Please contact Eiko Yoneki (email: eiko.yoneki@cl.cam.ac.uk) if you are interested in any project below. * indicates high recommendation!

1.  Tuning Neural Networking Compression with Hierarchical Reinforcement Learning *

Contact: Eiko Yoneki (with Michael Schaarschmidt)

Executing neural network tasks on mobile and edge devices (e.g. facial recognition on smart phones) is gaining increasing focus in the systems community due to constraints in CPU, memory and energy usage on such devices. Consequently, neural networks trained on large servers usually need to be compressed to be fit for low power mobile execution.

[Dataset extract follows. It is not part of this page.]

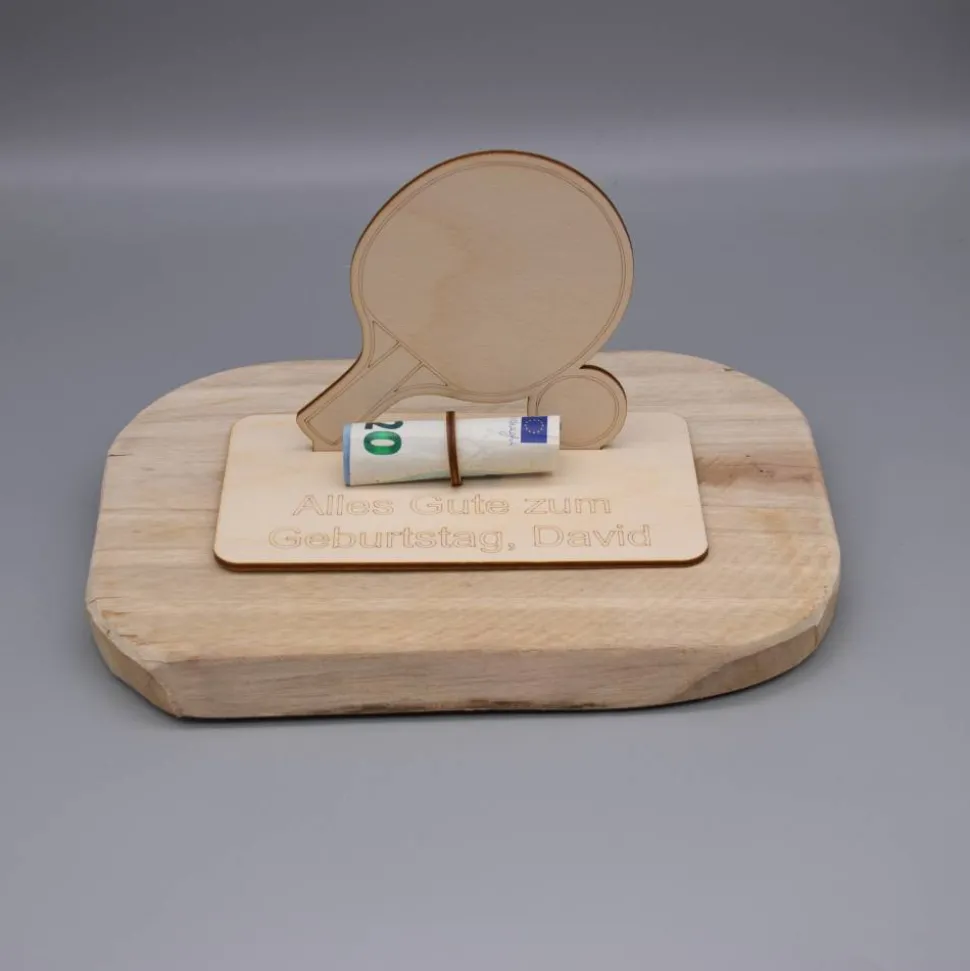 Geldgeschenk TIschtennis – aus Holz personalisiert
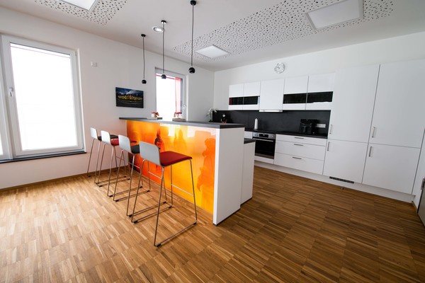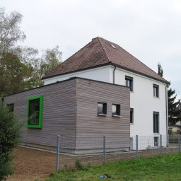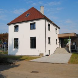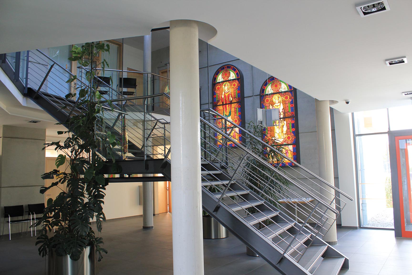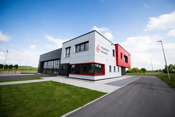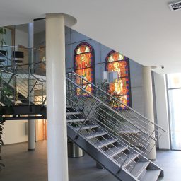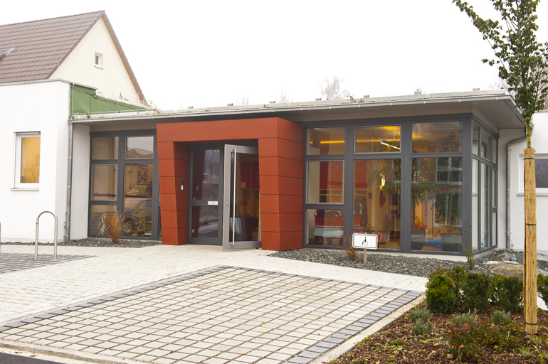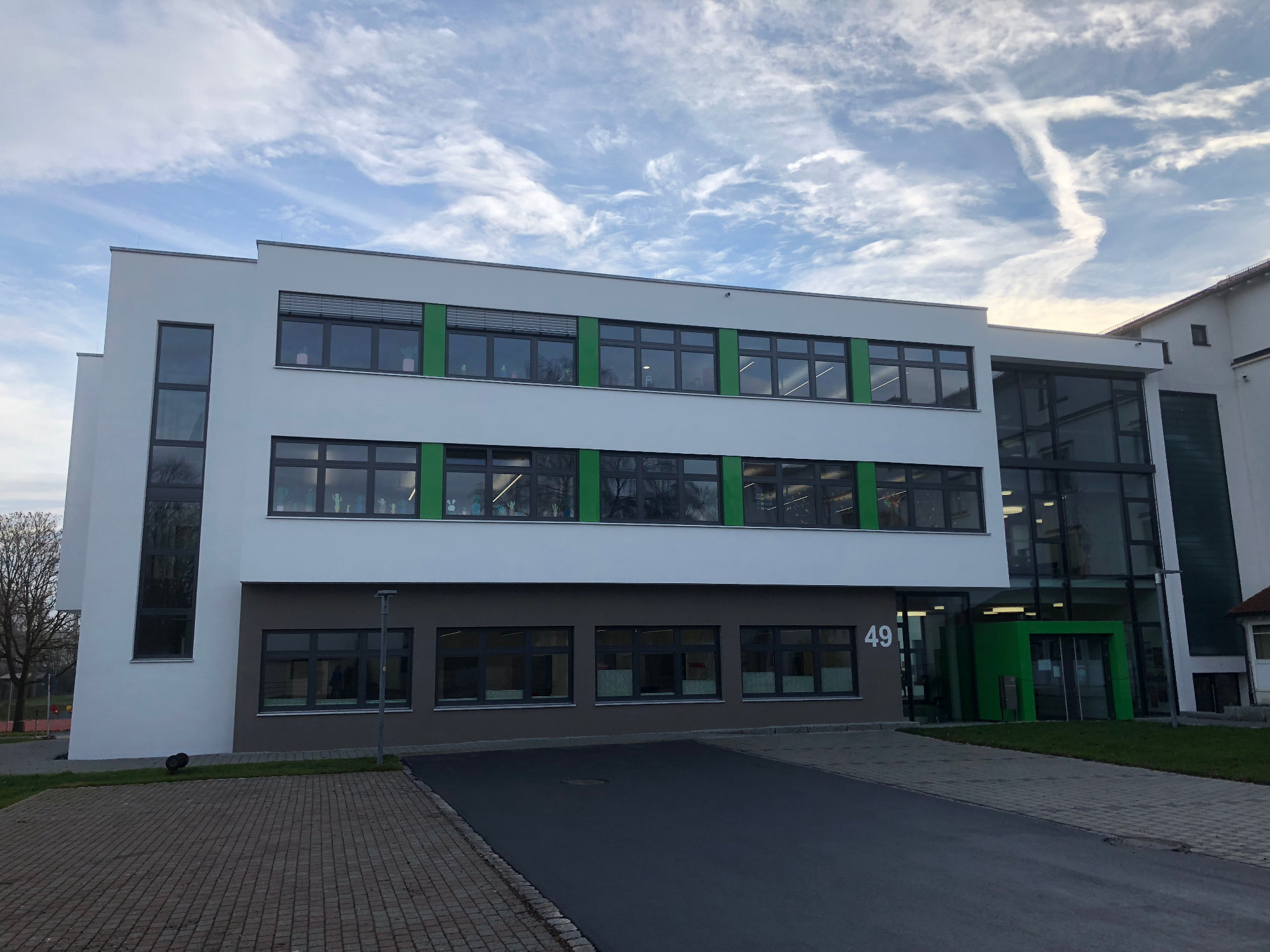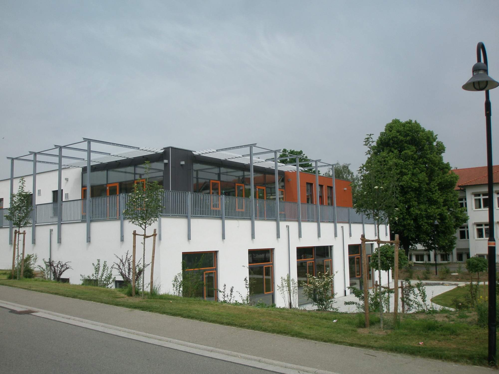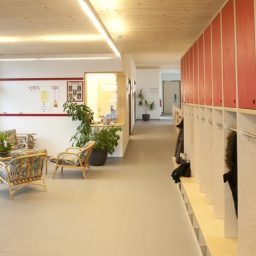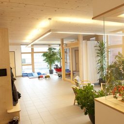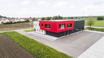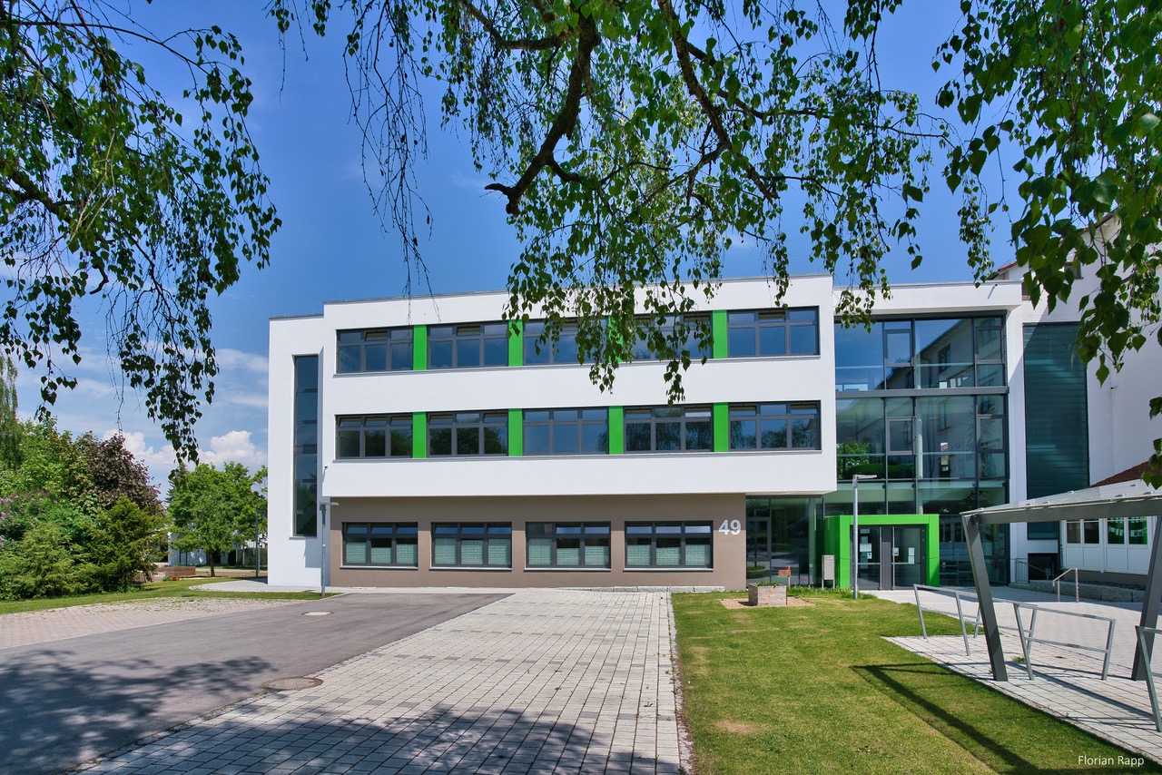 Moderne Gebäude mit großer Fensterfront, orangefarbenem Akzent und Grünflächen davor.

Recent work has explored various techniques to automatically combine various compression and quantization techniques [1, 2]. This project will investigate hierarchical reinforcement learning [3] to improve on these existing search techniques by attempting to model fine-grained dependencies between different compression and quantization methods.

 

[1] https://www.tik.ee.ethz.ch/file/79a7dd6f6370f809e6180c0746232283/mobisys18-liu.pdf

 

[2] https://arxiv.org/pdf/1806.03723.pdf

 

[3] https://ai.google/research/pubs/pub46646

 

2.  Model-based Reinforcement Learning in Computer Systems *

Contact: Eiko Yoneki (with Michael Schaarschmidt)

Reinforcement learning (RL) is gaining interest as a generic optimisation and control method in data management tasks such as resource management/scheduling, database tuning, or stream processing. A central challenge in applying RL to such problems are long decision evaluation times. A single step in a real system may take multiple minutes, as opposed to simulators for standard benchmark tasks (e.g. Atari games), which can execute thousands of steps per second.

One way of improving sample efficiency is model-based RL [1], wherein a model of the environment is learned and subsequently used to plan and evaluate decisions. The goal of this project is to investigate recent work in learning to construct environment models in the context of database administration. The student will use an existing framework to evaluate RL on automatic index selection, and attempt to accelerate training and improve result quality by implementing and evaluating approaches such as Imagination-Augmentation [2,3,4].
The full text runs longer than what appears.